経営方針は2本柱で構成され、第1の柱は全ての子供に確かな学力を付けることです。一担任で取り組むのではなく学年や教科・領城部会で共通理解し、少人数指導や習熟別指導など協力して取り組みました。経験を積み重ねた先輩教師の下で成果を上げることができたと考えます。第2の柱は、互いを思いやる優しい心を持つ子の育成です。道徳や特別活動、日々の学校生活で意図的に取り組みました。しかし、学年や教科・領域部会に頼り過ぎて自ら考え行動することが不十分でした。具現化についても経営方針を読み込んで自分の考えを提案できるようにしなければと反省しています。今後の努力目標です。

【コメント】

自己評価の基準について、校長が示した学校の経営方針の意をくみ、組織の一員として具現化に取り組むことができたか、という点を挙げたのは、理にかなっていて説得力があります。対処についても具体的に述べられています。経験を積み重ねた先輩教師に学び、子供たちの育成に尽力したいという謙虚な姿勢、今後はよりいっそう主体的に取り組みたいという心意気にも好感を持ちました。

×回答

教員の使命は、子供たちに自ら学び生涯にわたり幸せに生きていく力を付けることです。その基礎は日々の授業によって培われるものと考えます。授業の多くは教科の指導が占めていることから授業力を重視します。従って私の自己評価の基準は子供たちが喜々として授業に参加し満足しているか否かが自己評価の基準であると捉えています。

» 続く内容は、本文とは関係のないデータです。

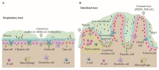 Interferon (IFN) production is a fundamental process involved in the innate immune response to viral infection. These soluble antiviral cytokines can induce upregulation of an array of intracellular effectors of interferon-stimulated genes (ISGs) through the Janus kinase/signal transducer and activator of transcription (JAK/STAT) signal pathways, such as Mx proteins, protein kinase PKR, and ISG15, which have antiviral activity as they halt viral replication and dissemination of infected cells [4]. Thus, before effective adaptive immune responses are initiated, the IFN-mediated innate immune response plays a critically important role in eliminating virus invasion and protecting tissue damage and inflammation at the early phase of infection [5]. However, recent studies revealed that excessive expression of type I and III IFNs might disrupt the repair of lung epithelial tissue during respiratory viral infection [6,7,8]. Indeed, coronaviruses are known to efficiently circumvent the host immune systems, and IFN production can barely be detected during the early phase of coronavirus infection [9,10]. Compared with SARS and MERS, COVID-19 patients have extended incubation periods without apparent symptoms, which subsequently contribute to the cytokine storm, damaging inflammation, and other severe complications [11,12]. On the other hand, coronaviruses might have evolved to escape innate immune responses by their infected hosts [13]. It has to be mentioned that IFN-antagonistic functions affect viral virulence to a considerable extent and might be associated with interspecies transmission of emerging and reemerging viruses [14]. Therefore, in this review, we summarize antiviral immunity in the respiratory and intestinal tracts against coronaviruses that have been reported to cause epidemics in both humans and domestic animals. In particular, we highlight how these different coronaviruses exploit multiple strategies to evade immune surveillance exerted by the host.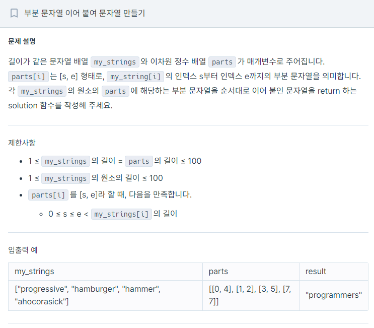 answer에 mystrings[i]번쨰 ㅁ누자열에서 parts[i][0]번째부터 parts[i][1]까지 문자열을 더해준다.
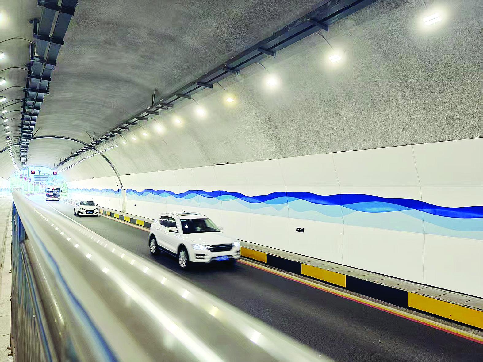 “为确保改造效果,我们在施工过程中严格把控每一个环节。”据施工负责人介绍,此次改造不仅注重安全性能的提升,还充分考虑了驾驶人员的视觉感受,力求打破隧道脏污、昏暗的氛围。隧道洞顶采用了灰色喷涂,整体视觉效果沉稳协调,有效避免了视觉疲劳;隧道两侧墙面精心绘制了宽约1米的蓝色波浪形图案,增添了隧道内部的灵动感,清新的色彩搭配,让隧道瞬间变得明亮通透,也让市民在穿行过程中拥有更愉悦的视觉体验,极大改善了隧道内的通行环境。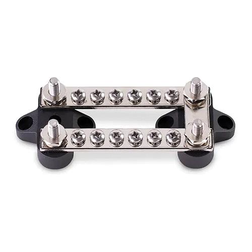 Glass fiber reinforced nylon base ensures great mechanical strength and durability Tin-plated copper busStainless steel studs and screws provide superior anti-corrosion protectionInsulated base ensures no electrical leakage to metal hullsUses Stainless Steel M4 screwsRemovable connecting link: Removing the link creates separate negative and positive buses conveniently on a single bus block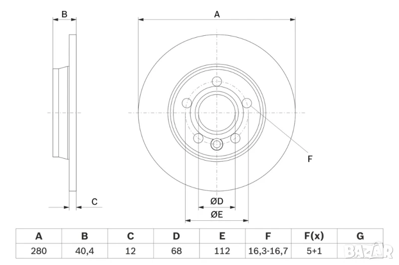 Диск спирачен заден дeсен/ляв за VW TRANSPORTER T4 1.8-2.8 07.90-06.03г.№ V2391P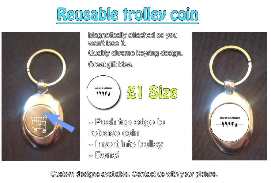 -Circular metal '£1' that magnetically clips on to a metal keyring.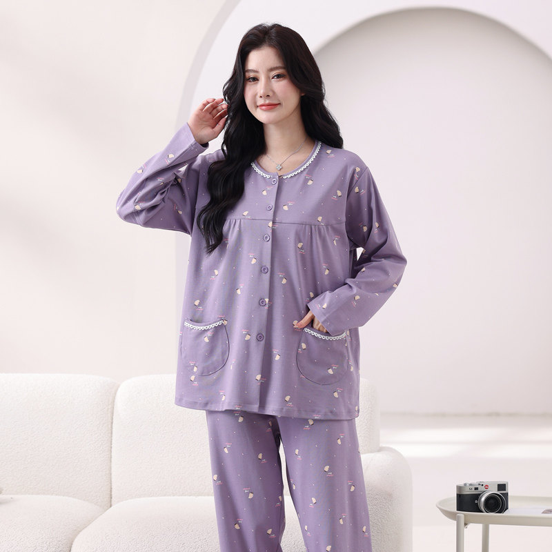 春季大码中年妈妈睡衣纯棉女加肥加大200斤春秋棉纱家居服中老年

そのために、教材研究に努め、学習の狙いを明確にして子供たちが学習に没頭できる環境づくりにも努めてきました。最初に手掛けたことは教室環境の改善で他学級の教室を見せてもらい参考にしました。また、保護者から信頼され、子供たちが授業に集中している先輩教師から、重要なのは授業規律であると教えられ、その確立にも心掛けています。そのおかげで子供たちは大きく変容し成長したと思っています。今後は1単位時間のチェックポイントを作成して実践の充実に取り組みます。

【コメント】

教員の使命、良い授業の重要性の考え方は結構だと思います。一つ一つの取り組みもそれだけを見ると間違いではありません。しかし、自己評価をすることがなぜ重要なのかがこの回答からは読み取ることができません。自分はこのように取り組み成果を上げたと主張しているだけにも思います。独善を取り払い謙虚に実践・反省などを述べてもらいたいものです。